Exercise requirements: Begin at the line that holds "Shin Taung Pon" and copy each line exactly until the data below ends, including that last line but no pictures.
Source material below:
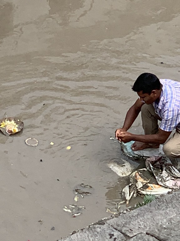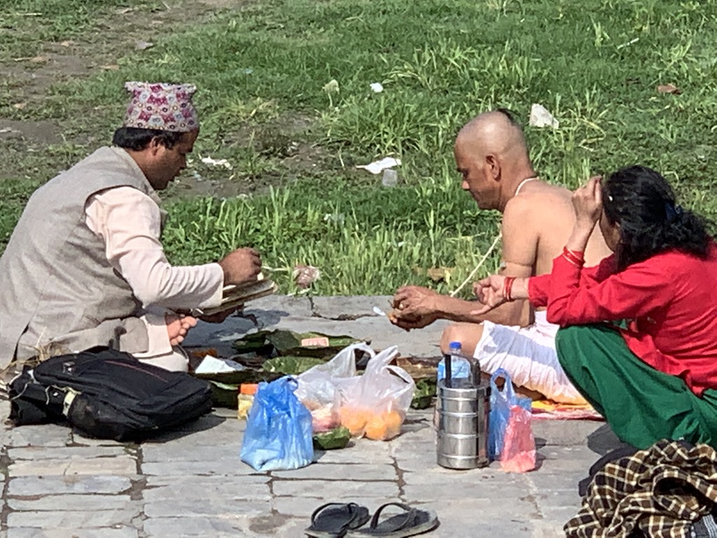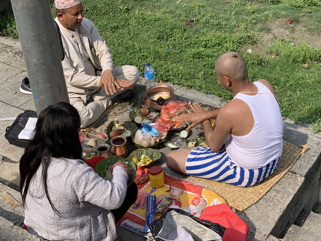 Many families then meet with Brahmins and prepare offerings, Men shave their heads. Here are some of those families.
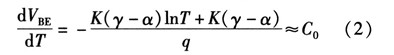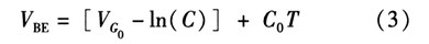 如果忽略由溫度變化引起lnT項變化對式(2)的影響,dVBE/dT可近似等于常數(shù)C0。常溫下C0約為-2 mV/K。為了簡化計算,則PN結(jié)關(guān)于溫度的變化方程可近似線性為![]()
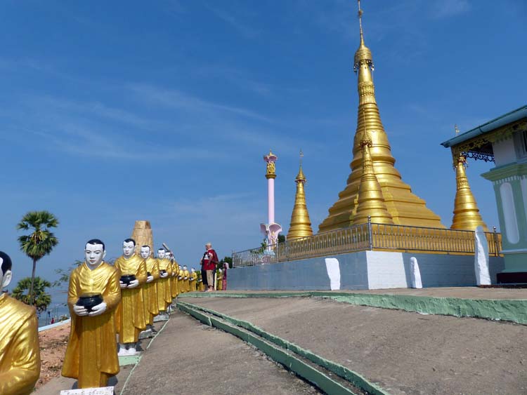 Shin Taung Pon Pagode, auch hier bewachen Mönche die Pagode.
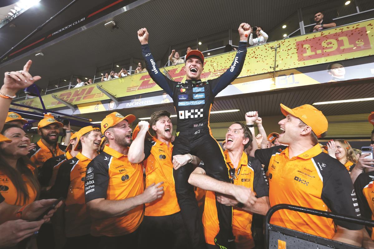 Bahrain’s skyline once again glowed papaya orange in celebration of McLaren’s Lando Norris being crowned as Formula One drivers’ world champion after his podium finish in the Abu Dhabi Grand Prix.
End of Source material.
Solution to this problem:
 Shin Taung Pon Pagode, auch hier bewachen Mönche die Pagode.
 Bahrain’s skyline once again glowed papaya orange in celebration of McLaren’s Lando Norris being crowned as Formula One drivers’ world champion after his podium finish in the Abu Dhabi Grand Prix.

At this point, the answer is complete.